СМЕРТЬ ДИНО — КАКОЙ БЫ НИ БЫЛА ЕЕ ИСТИННАЯ ПРИЧИНА — ВНЕСЛА КАРДИНАЛЬНЫЕ ПЕРЕМЕНЫ В ЖИЗНЬ ФЕРРАРИ. С ТОГО МОМЕНТА ОН СТАЛ БОЛЕЕ ЗАКРЫТЫМ, ОЖЕСТОЧИВШИМСЯ И ЦИНИЧНЫМ, СТАЛ БОЛЕЕ СТОЙКО ВОСПРИНИМАТЬ СМЕРТИ И ПОКАЛЕЧЕННЫЕ ТЕЛА ДРУГИХ ЛЮДЕЙ, КОТОРЫЕ ВНЕЗАПНО СТАЛИ ЧАСТЬЮ ЕГО КАЖДОДНЕВНОГО СУЩЕСТВОВАНИЯ.

Десятилетиями Феррари ежедневно, как по часам, навещал могилу своего сына — поездки на кладбище стали частью его традиционного утреннего ритуала, включавшего в себя заезд в парикмахерскую и недолгое общение со стареющей матерью. Все двигатели V6 и все машины марки, приводившиеся ими в движение, получали ярлык «Dino». Пустынное рабочее место Феррари в Маранелло стало больше напоминать святыню, нежели офис: фотография задумчивого Дино смотрела прямо на стол и выступала в роли назойливого украшения, занимавшего место в самом центре комнаты. Долгие годы Феррари будет носить черный галстук в память о своем единственном законнорожденном сыне и учредит несколько наград и стипендий в его честь, а также будет жертвовать внушительные суммы на исследования разнообразных видов мышечных дистрофий.

Позже в тот год маленькая ремесленническая школа, начинавшая свою работу в хлеву на дороге в Абетоне, расширилась, став под эгидой итальянского министерства образования официальной технической школой в ассоциации с техническим институтом Корни. Феррари хотел, чтобы эту школу назвали в честь его умершего сына, и благодаря его усилиям она трансформировалась в Instituto Professional Statale Alfredo Ferrari.
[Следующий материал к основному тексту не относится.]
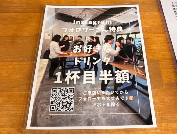 まず特筆したいのは、instagramのフォローで1杯目が半額になる点(ボトル類は除く/2025年12月13日現在)。
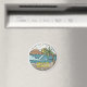 Destin Beach, ilustração desenhada à mão com montanhas e ondas oceânicas no fundo. Perfeito para quem ama visitar Destin Beach.
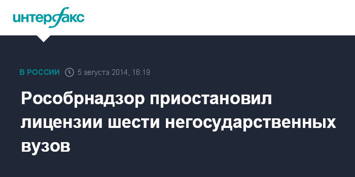 Москва. 5 августа. INTERFAX.RU - Рособрнадзор приостановил действие лицензий на образовательную деятельность шести негосударственных институтов, сообщили "Интерфаксу" в пресс-службе ведомства во вторник.

Когда Дино Феррари скончался, его отцу было 58 лет. Благодаря финансовой помощи Fiat и Lancia, а также многочисленным щедрым и богатым покупателям, приобретавшим «Ferrari» по всему миру, Энцо смог почувствовать себя всецело состоятельным человеком. Он и Лаура, с которой у них установилось «сердечное согласие», аккумулировали недвижимость в Модене и округе и активно строили планы по расширению фабрики, выпустившей в тот год 81 машину. Кроме того, они собирались превратить маленькую конюшню на дороге в Абетоне в ресторан и небольшую гостиницу. Постоялый двор, получивший название «Cavallino», впоследствии стал почти что так же знаменит, как сама фабрика Ferrari. Но смерть Дино на время отменила все планы. Летом 1956-го Феррари неоднократно угрожал уйти из гонок, и даже те, кто прежде наблюдали подобные театральные спектакли в его исполнении, склонялись к тому, чтобы поверить ему на этот раз.

Как и многие другие итальянцы, Феррари с куда большим рвением упивался своим горем, нежели общением с сыном, которому при жизни уделял отнюдь не так много внимания. Смерть часто порождает иллюзию идеального, непогрешимого образа, так случилось и с Дино. Его недостатки были стерты из памяти, и внезапно выяснилось, что молодой человек никогда не разочаровывал и не расстраивал своего отца. Феррари довольно легко смог создать нового, идеального Дино. Его горе, каким бы чудовищным оно ни было, пробудило некоторый цинизм среди тех, кто хорошо его знал. Траур был настолько затянутым, настолько слезливым и драматичным в духе итальянской оперы, что соратники начали сомневаться в истинных мотивах Энцо.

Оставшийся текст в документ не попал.